A Data-driven Typology of Vision Models from Integrated Representational Metrics
Jialin Wu, Shreya Saha, Yiqing Bo, Meenakshi Khosla
TL;DR
The paper tackles how to distinguish universal versus family-specific representations across diverse vision models. It introduces a data-driven framework that combines multiple representational metrics with Similarity Network Fusion to produce robust, composite model signatures and a typology that transcends traditional architecture-based grouping. Geometry- and tuning-preserving metrics show strong family discrimination, while linearly decodable information is more shared; SNF integration yields dramatically improved separation (e.g., $d' \approx 11.84$) and coherent model clusters. The resulting typology reveals that self-supervised models form a unified cluster across architectures, while hybrids align with MAE strategies, highlighting emergent computational signatures shaped by architecture and training objective.
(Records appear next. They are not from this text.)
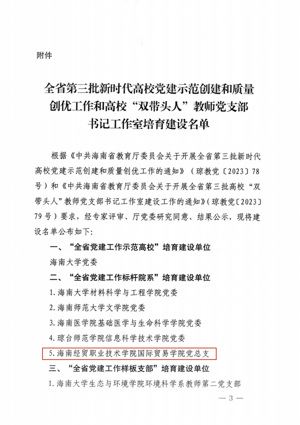 近日,省教育厅党委公布第三批新时代高校党建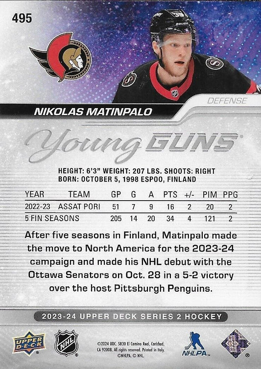 Signed Nikolas Matinpalo Young Guns 2023-24 UD Ottawa Senators Rookie Card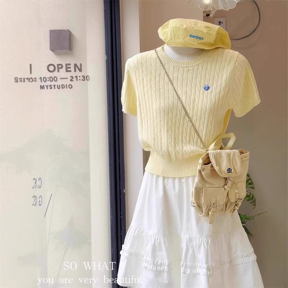 2025氷糸刺繍ツイストニット薄手半袖正肩tシャツ女子夏の小柄な上着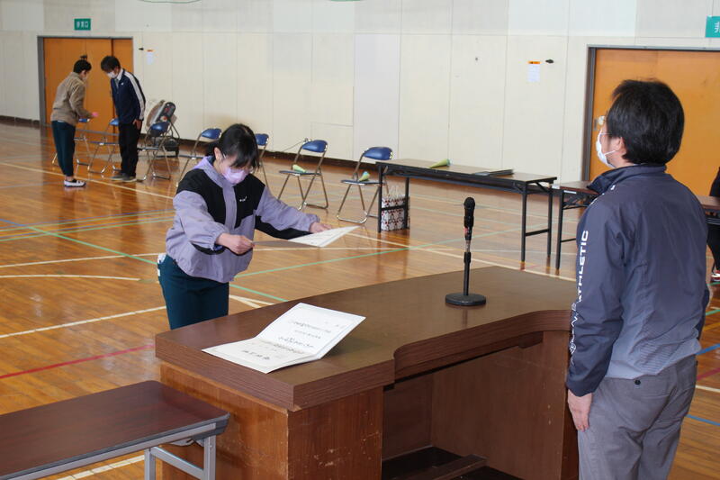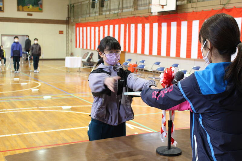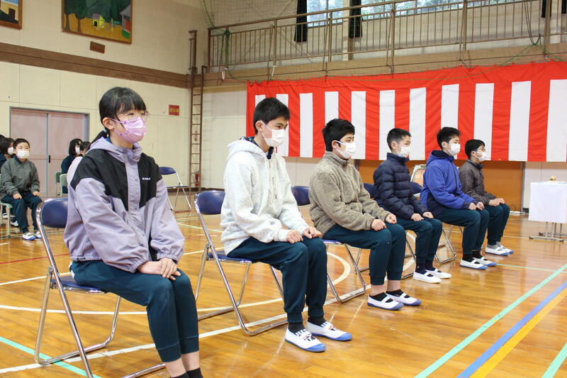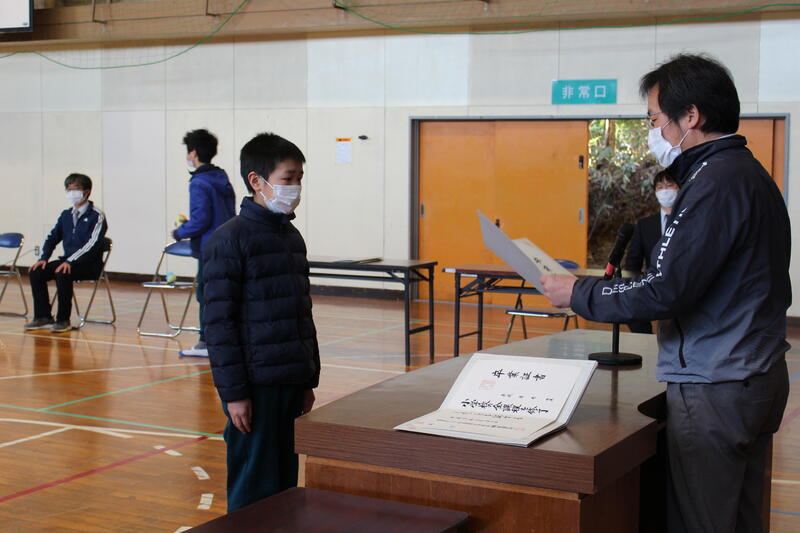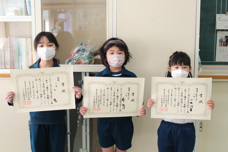 まずはじめに、福島県書き初め展において優秀な成績をおさめた高野っ子の表彰です。多くの高野っ子が表彰となったため、今回は代表で3名が表彰を受けました。頑張った皆さん、おめでとうございます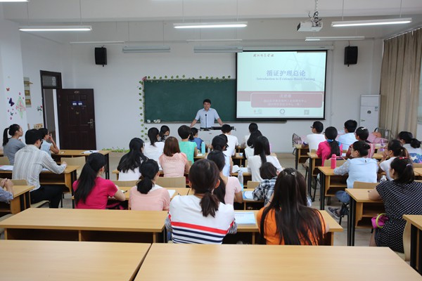 9月14日上午,校长张立钦一行看望慰问护理学专业研一新生,走进了他们的入学第一课——循证护理。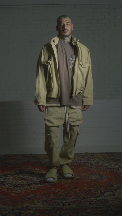 A Trucker Jacket Washed Beige é confeccionada em sarja Vicunha 100% algodão, com tingimento e puído em lavanderia que garante um visual único e acabamento estonado. A peça conta com bolsos cargo frontais duplos que reforçam sua proposta utilitária, forro interno em malha leve para maior conforto ao vestir, barra com elástico e fechamento em zíper de metal, além de puxador. Na parte da frente temos uma estampa em termocolante E`C. branca, enquanto nas costas, em serigrafia com aspecto envelhecido, uma estampa branca Lovers e o mascote da coleção, na parte superior uma termocolante preta E`C. vazada.
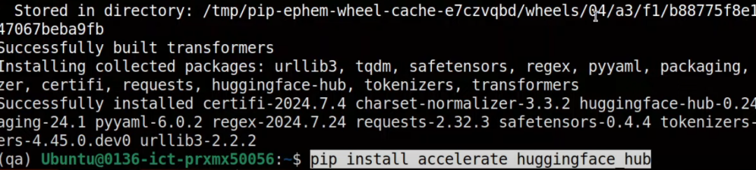 接下来,我们安装Hugging Face Hub和Accelerate库。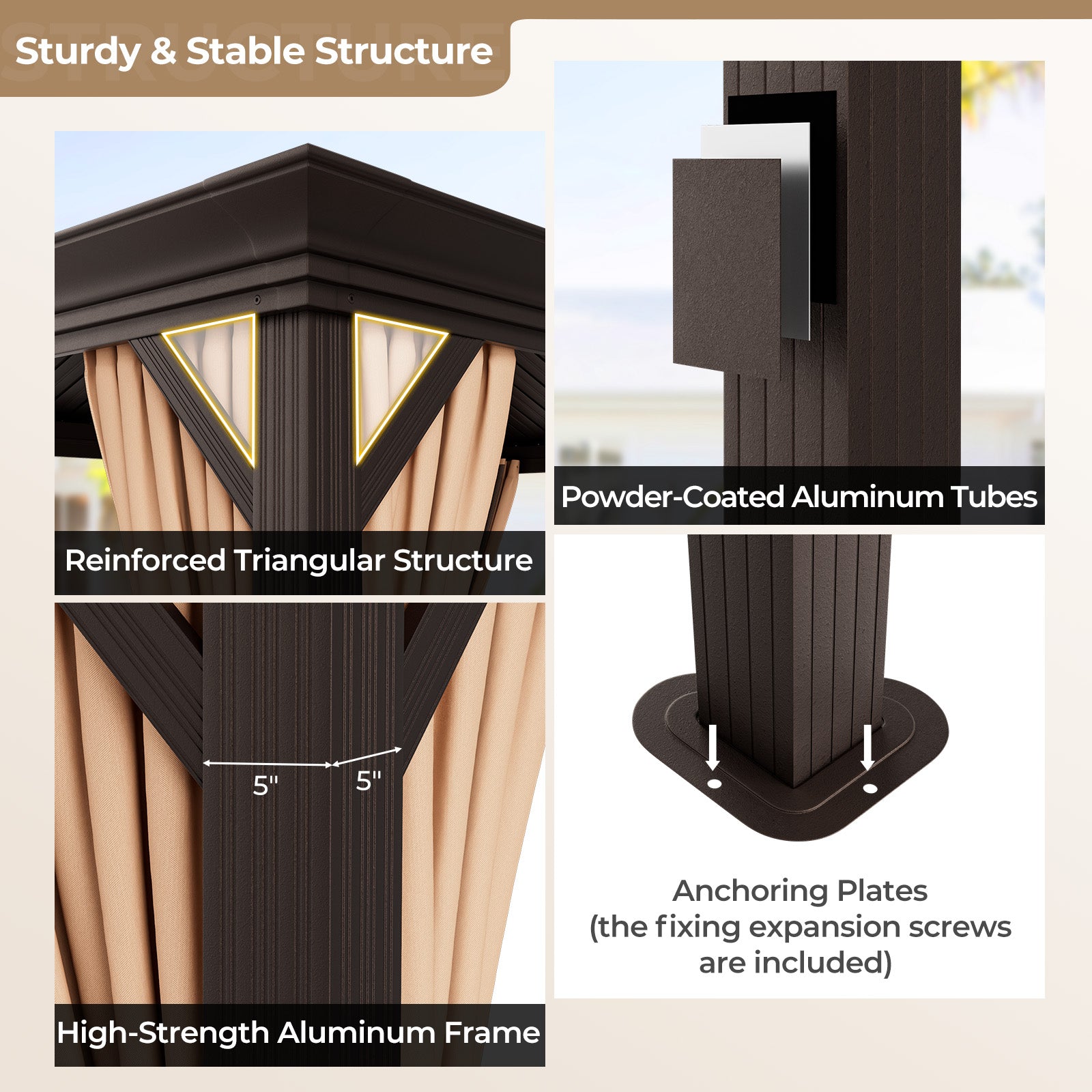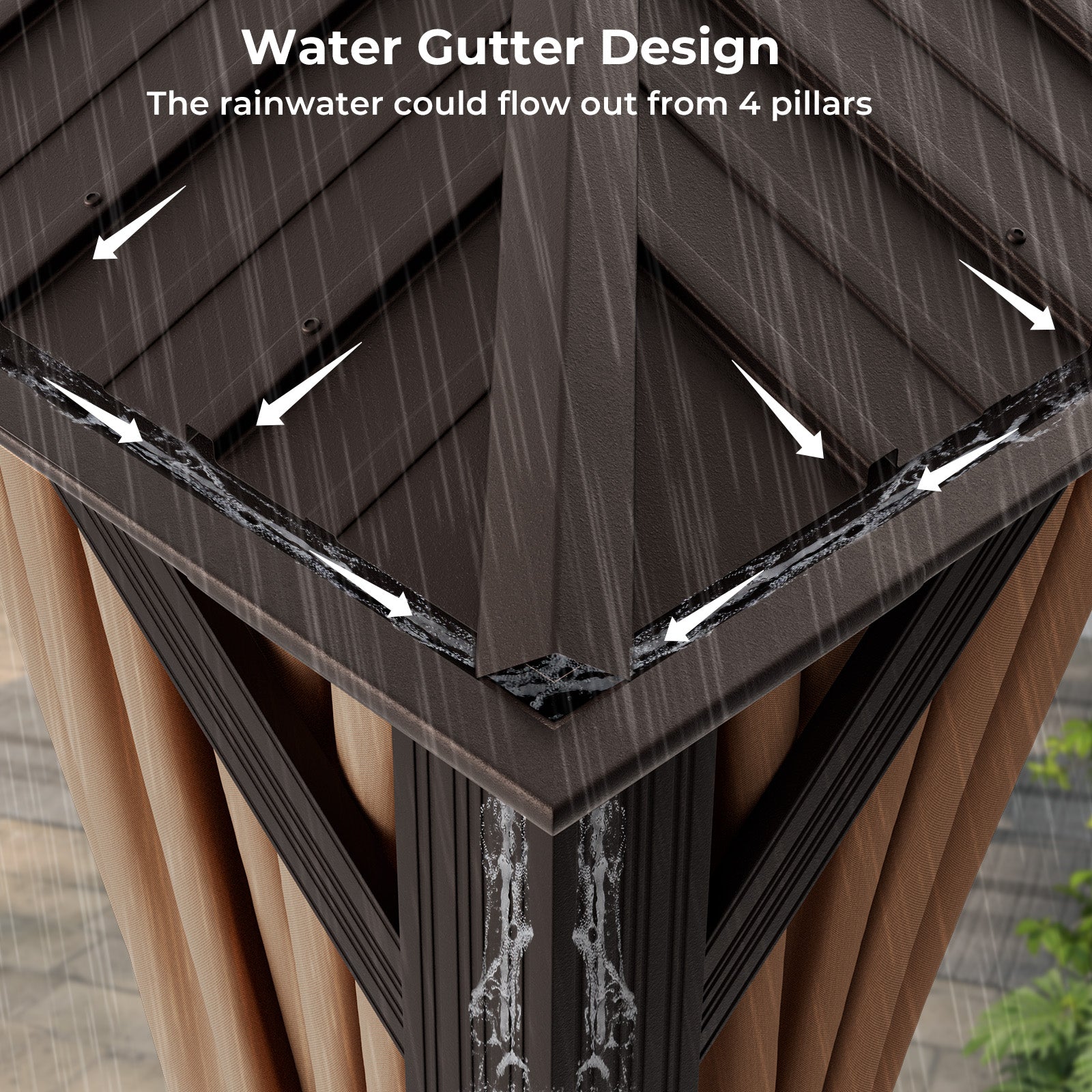 Le toit en acier galvanisé offre une protection solaire antirouille et imperméable, conçu pour résister aux intempéries toute l’année. Il est doté de gouttières intégrées et de quatre trous de drainage aux coins pour éviter l’accumulation d’eau. La structure en aluminium renforcée avec colonnes épaisses de 5" et supports triangulaires assure une stabilité exceptionnelle, même par vent soutenu.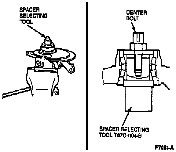 After selecting a spacer, verify the bearing preload using Spacer Selection Tool T87C-1104-B.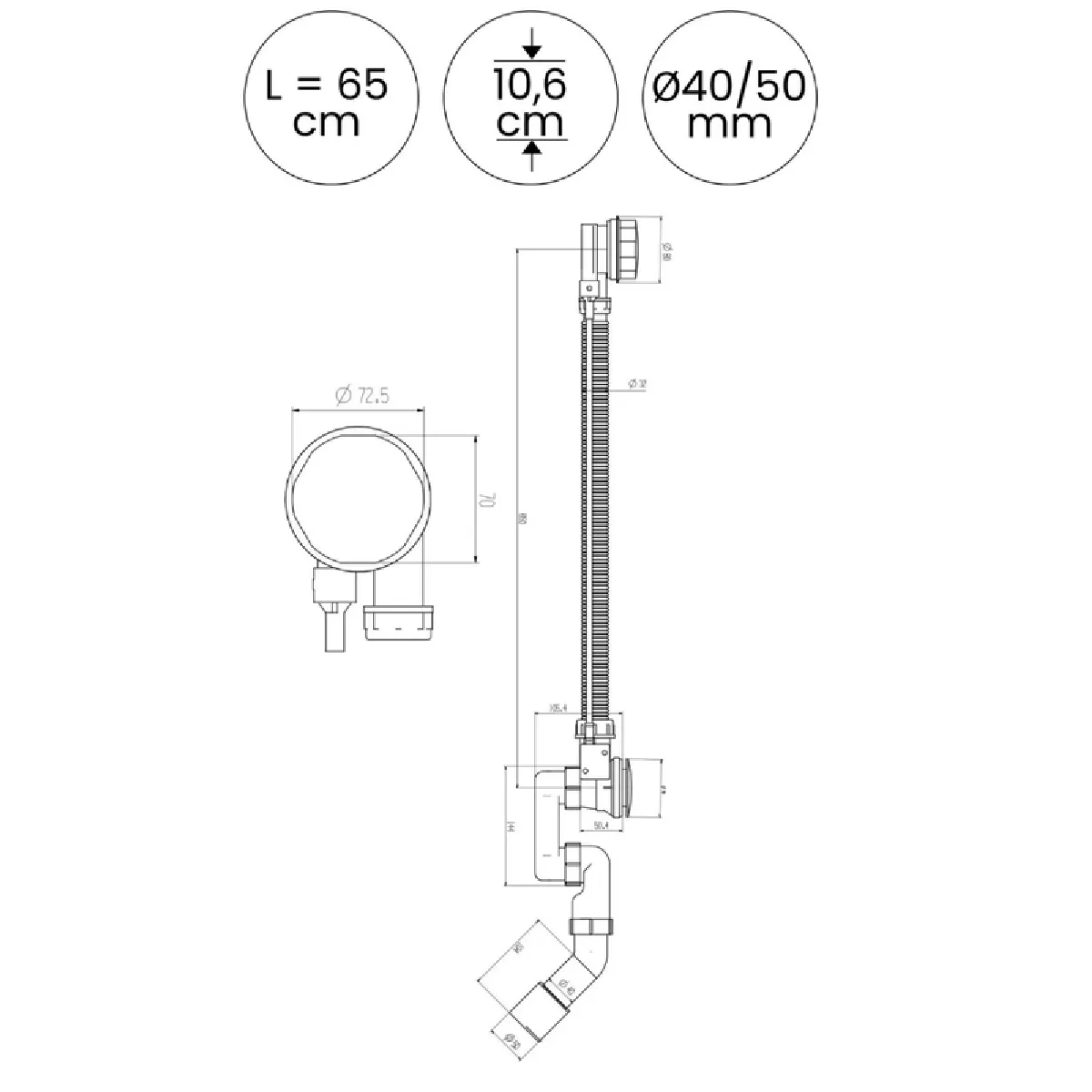 OTITEC Vidage baignoire avec trop-plein - Bonde chrome - Flexible |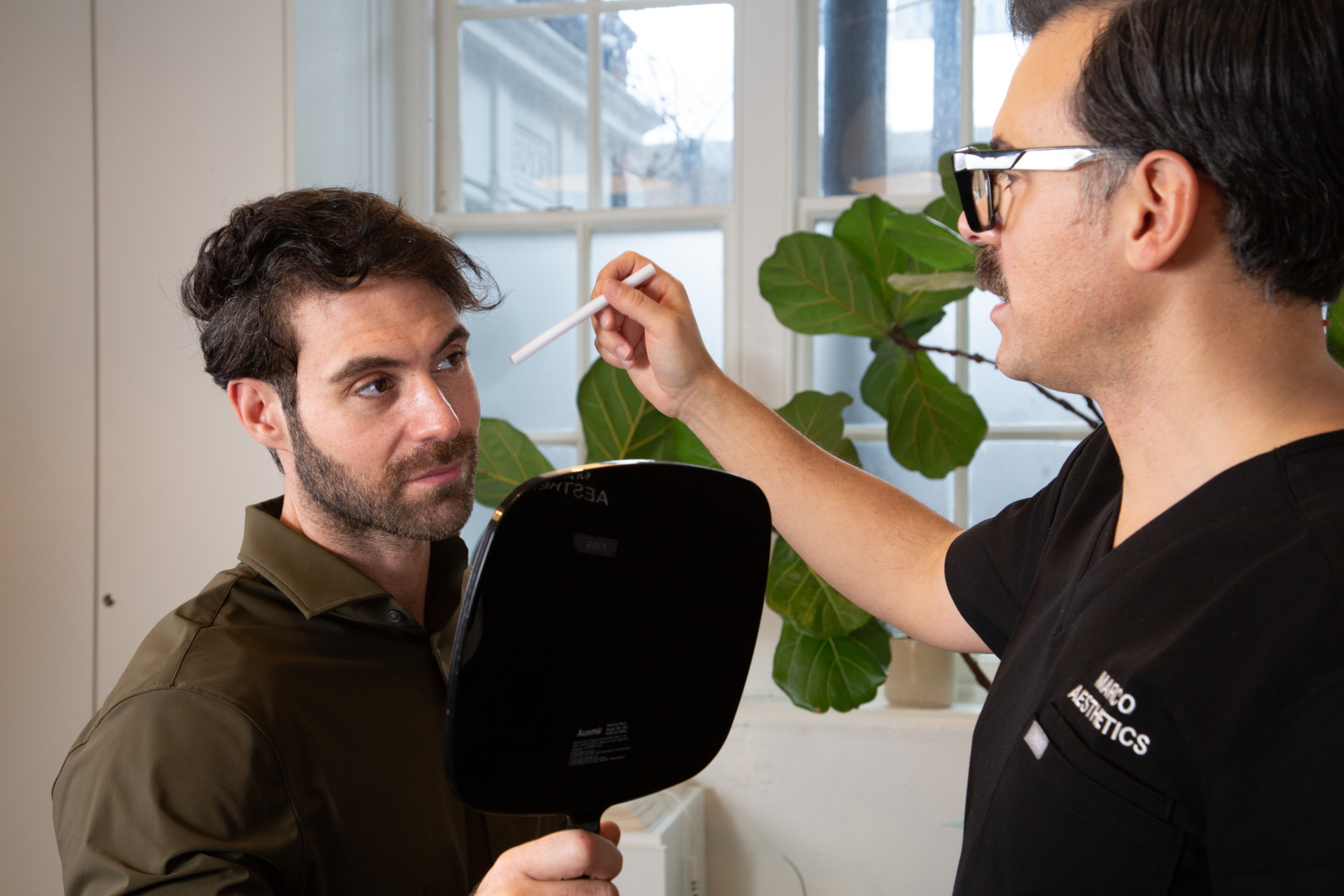 Marco discusses the results of a treatment with a client in his Shoreditch, London studio

This approach provides a principled, scalable way to compare new vision models, predict transfer behavior, and understand the representational principles underlying successful visual processing.
Abstract
Large vision models differ widely in architecture and training paradigm, yet we lack principled methods to determine which aspects of their representations are shared across families and which reflect distinctive computational strategies. We leverage a suite of representational similarity metrics, each capturing a different facet-geometry, unit tuning, or linear decodability-and assess family separability using multiple complementary measures. Metrics preserving geometry or tuning (e.g., RSA, Soft Matching) yield strong family discrimination, whereas flexible mappings such as Linear Predictivity show weaker separation. These findings indicate that geometry and tuning carry family-specific signatures, while linearly decodable information is more broadly shared. To integrate these complementary facets, we adapt Similarity Network Fusion (SNF), a method inspired by multi-omics integration. SNF achieves substantially sharper family separation than any individual metric and produces robust composite signatures. Clustering of the fused similarity matrix recovers both expected and surprising patterns: supervised ResNets and ViTs form distinct clusters, yet all self-supervised models group together across architectural boundaries. Hybrid architectures (ConvNeXt, Swin) cluster with masked autoencoders, suggesting convergence between architectural modernization and reconstruction-based training. This biology-inspired framework provides a principled typology of vision models, showing that emergent computational strategies-shaped jointly by architecture and training objective-define representational structure beyond surface design categories.